EXERCISE DESCRIPTION: Once the line containing "青龍集團(tuán)營銷總監" is located in the records below, repeat it and all lines that follow it exactly, leaving out any picture.

EXERCISE DATA:
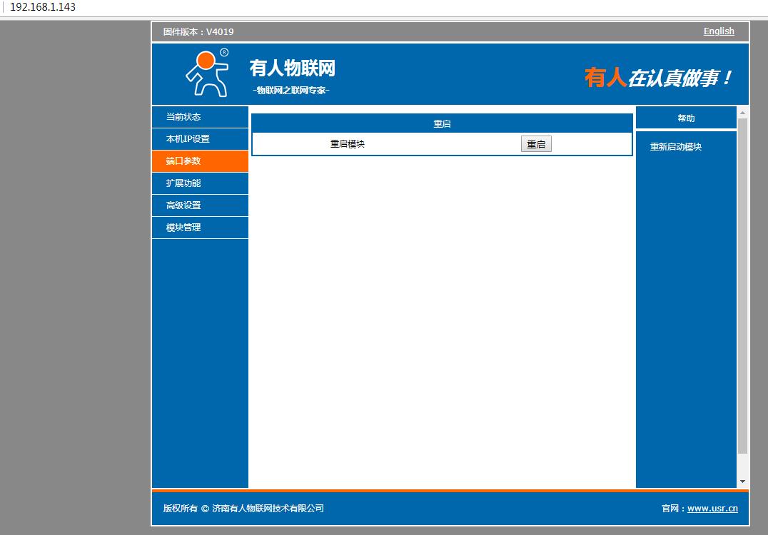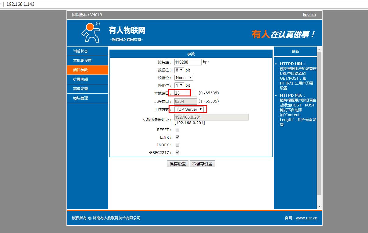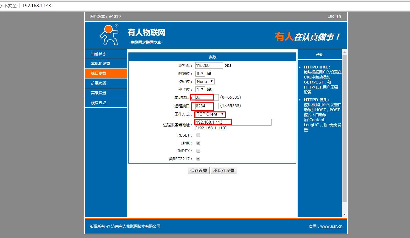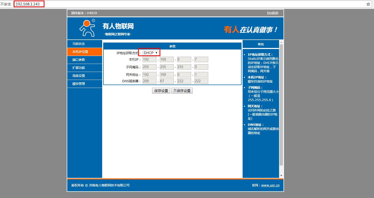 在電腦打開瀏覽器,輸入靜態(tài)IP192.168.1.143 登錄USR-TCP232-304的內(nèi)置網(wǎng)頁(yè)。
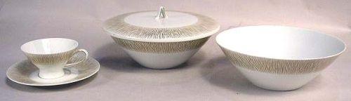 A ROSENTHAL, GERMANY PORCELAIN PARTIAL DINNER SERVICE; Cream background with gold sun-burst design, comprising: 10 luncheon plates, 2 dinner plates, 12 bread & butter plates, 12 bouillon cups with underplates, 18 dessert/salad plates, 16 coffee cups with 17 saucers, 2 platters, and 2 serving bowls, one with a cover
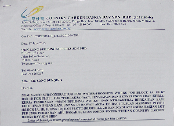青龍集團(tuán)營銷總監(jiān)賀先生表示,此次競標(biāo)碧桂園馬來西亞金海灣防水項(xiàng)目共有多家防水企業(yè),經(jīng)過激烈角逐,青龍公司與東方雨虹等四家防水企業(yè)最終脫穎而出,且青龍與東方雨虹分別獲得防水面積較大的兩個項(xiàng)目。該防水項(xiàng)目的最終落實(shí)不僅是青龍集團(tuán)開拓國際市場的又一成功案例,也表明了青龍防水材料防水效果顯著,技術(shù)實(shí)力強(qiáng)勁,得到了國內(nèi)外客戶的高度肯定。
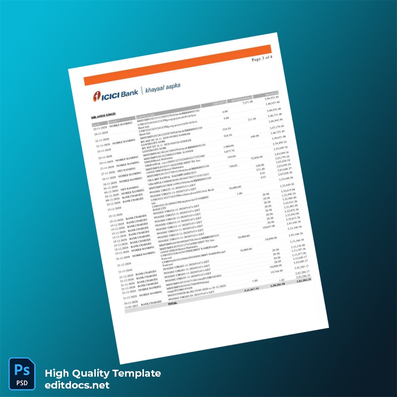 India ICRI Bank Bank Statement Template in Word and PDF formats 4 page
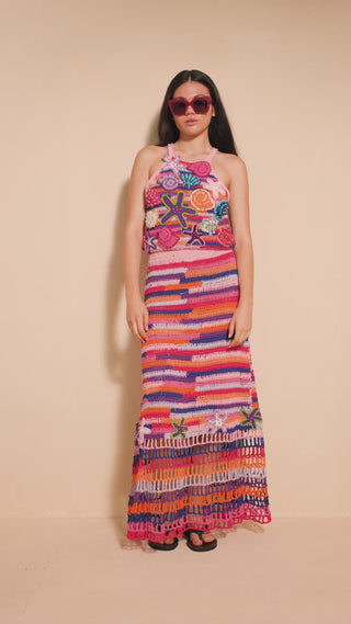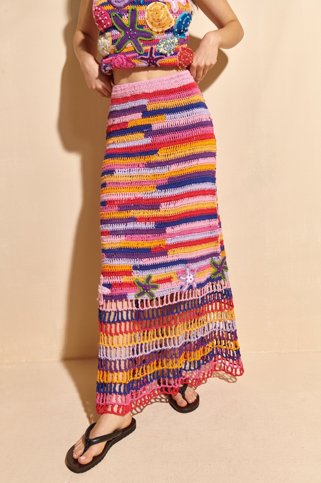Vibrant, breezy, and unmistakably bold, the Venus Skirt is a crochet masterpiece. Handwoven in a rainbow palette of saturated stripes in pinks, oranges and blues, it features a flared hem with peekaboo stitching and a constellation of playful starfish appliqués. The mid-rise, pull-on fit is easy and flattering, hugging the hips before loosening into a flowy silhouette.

REPLY:
青龍集團(tuán)營銷總監(jiān)賀先生表示,此次競標(biāo)碧桂園馬來西亞金海灣防水項(xiàng)目共有多家防水企業(yè),經(jīng)過激烈角逐,青龍公司與東方雨虹等四家防水企業(yè)最終脫穎而出,且青龍與東方雨虹分別獲得防水面積較大的兩個項(xiàng)目。該防水項(xiàng)目的最終落實(shí)不僅是青龍集團(tuán)開拓國際市場的又一成功案例,也表明了青龍防水材料防水效果顯著,技術(shù)實(shí)力強(qiáng)勁,得到了國內(nèi)外客戶的高度肯定。
 India ICRI Bank Bank Statement Template in Word and PDF formats 4 page
Vibrant, breezy, and unmistakably bold, the Venus Skirt is a crochet masterpiece. Handwoven in a rainbow palette of saturated stripes in pinks, oranges and blues, it features a flared hem with peekaboo stitching and a constellation of playful starfish appliqués. The mid-rise, pull-on fit is easy and flattering, hugging the hips before loosening into a flowy silhouette.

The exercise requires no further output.